Data shown:
-- Opening Marker --

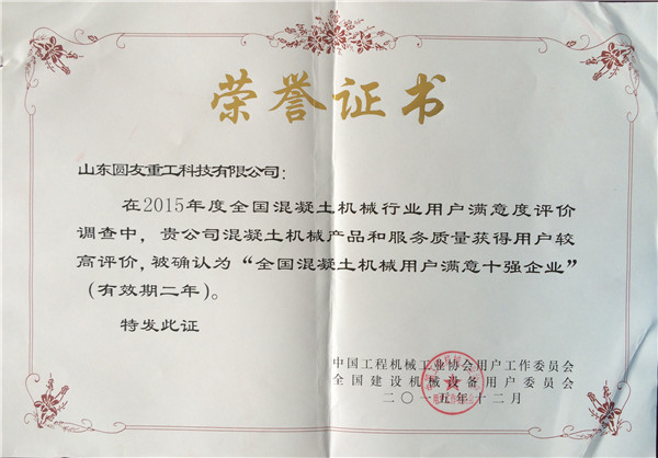 全国混凝土机械用户满意十强企业
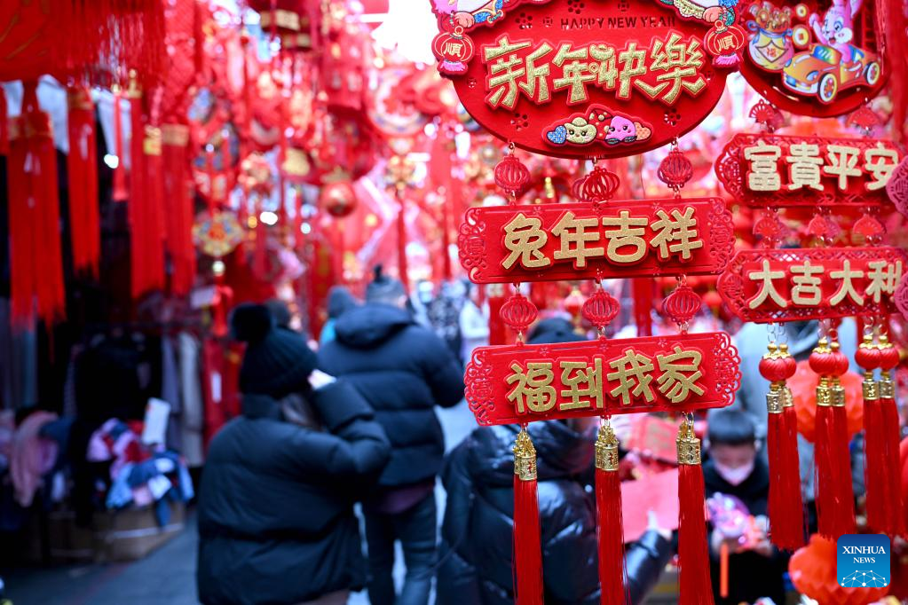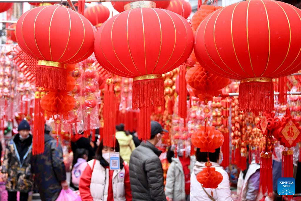 People shop for decorations for the upcoming Chinese New Year in Hefei, east China's Anhui Province, Jan. 5, 2023. (Xinhua/Huang Bohan)
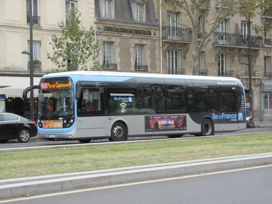 A Paris (18e), le bus 561 100 % électrique Bluebus SE Bolloré, opérant sur la ligne 341, est photographié à l’approche de son terminus « Porte de Clignancourt », le vendredi 27 septembre 2019. Copyright : Edouard Paris
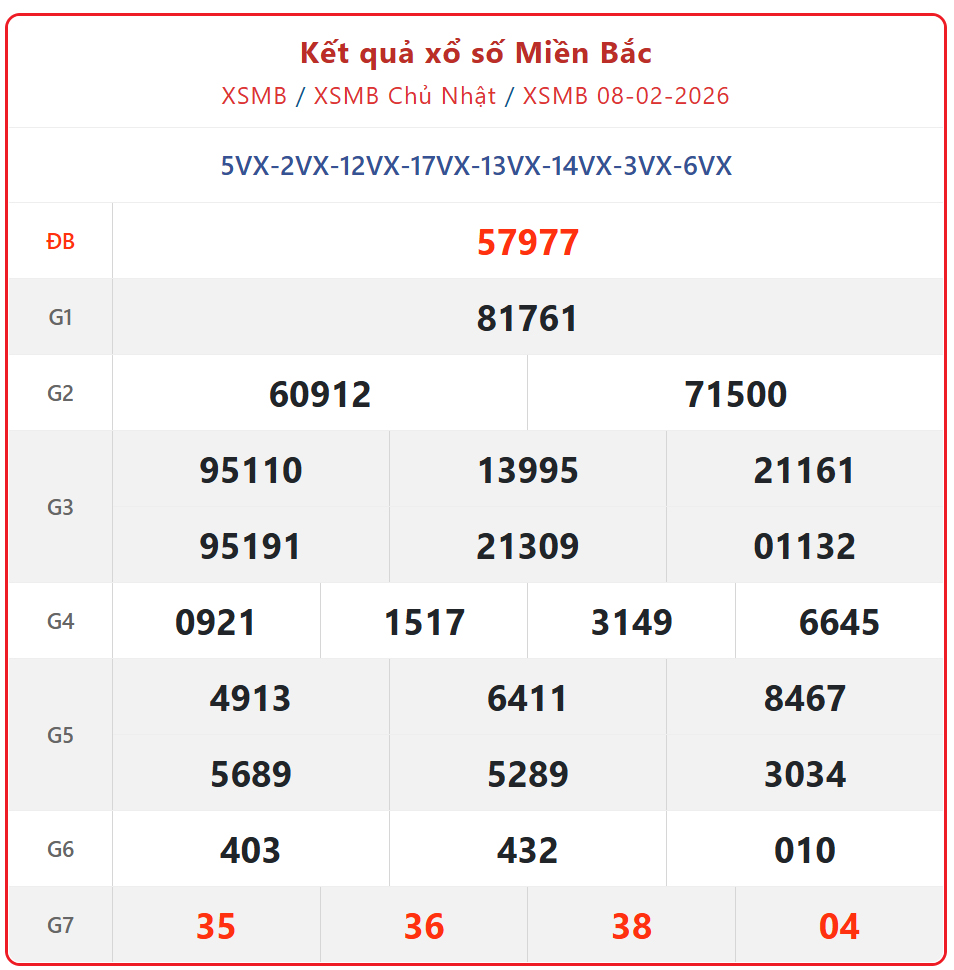 Kết quả xổ số miền Bắc ngày 5/2 /2026 - Kết quả XSMB ngày 5/2 .

-- Closing Marker --

Task description: The response should be the full material, repeated exactly, with images removed.

Exercise output:
 全国混凝土机械用户满意十强企业
 People shop for decorations for the upcoming Chinese New Year in Hefei, east China's Anhui Province, Jan. 5, 2023. (Xinhua/Huang Bohan)
 A Paris (18e), le bus 561 100 % électrique Bluebus SE Bolloré, opérant sur la ligne 341, est photographié à l’approche de son terminus « Porte de Clignancourt », le vendredi 27 septembre 2019. Copyright : Edouard Paris
 Kết quả xổ số miền Bắc ngày 5/2 /2026 - Kết quả XSMB ngày 5/2 .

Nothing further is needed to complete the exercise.